Die digitale Technologie ist zu einem eigenen Konfrontationsfeld geworden“, sagte der französische Präsident
Emmanuel Macron in einer Rede vor der Französischen Militärakademie.
Europa brauche die Fähigkeit, seine „digitalen Infrastrukturen selbst zu kontrollieren“. Die Forderung ist eindeutig: Europa benötigt eigene Kompetenz in digitaler Technologie und eine gemeinsame Cyber Defense.
Macron stellte auch einen Zusammenhang zwischen Cyber-Abwehr und einer europäischen Kooperation in der Nuklearpolitik her. Seine Äußerungen sind im Lichte des deutsch-französischen Aachener Kooperationsvertrages zu betrachten. In
Artikel 4 heißt es ausdrücklich: „Sie leisten einander im Falle eines Angriffs auf ihre Hoheitsgebiete jede in ihrer Macht stehende Hilfe und Unterstützung; dies schließt militärische
Mittel ein.“
Die NATO ist nach wie vor Garant für unsere Verteidigung.
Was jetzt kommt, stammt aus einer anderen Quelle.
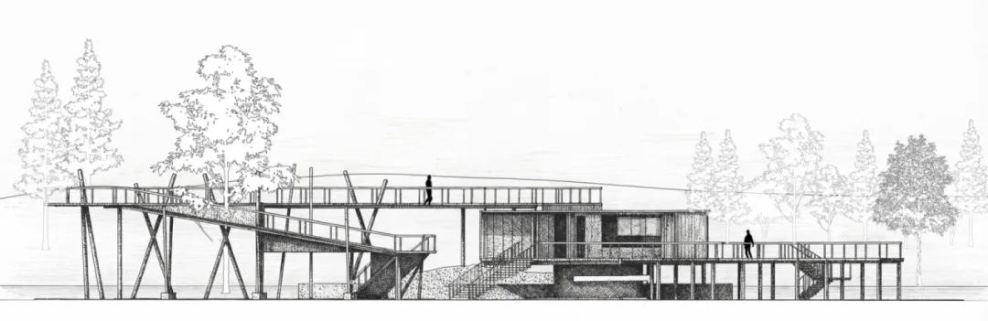 在一公顷重点区域中,进一步引入参数化模型与建筑介入,将建筑视为“干扰过滤器”,通过空间抬升、路径引导与视线控制,重构人类活动与苇莺栖息空间之间的边界关系,实现“可观察而不过度干扰”的使用模式。

Doch unter
Donald Trump ist die Unterstützung durch die USA in Zweifel gezogen worden. Macron bezeichnete die Institution daraufhin als „hirntot“- beides hat die NATO deutlich geschwächt.
Frankreich, Großbritannien und
Deutschland müssen zwingend enger zusammenarbeiten und gemeinsame
Strategien entwickeln, die mit der
NATO kompatibel sind. Dazu gehört auch eine Cyber-Abwehr.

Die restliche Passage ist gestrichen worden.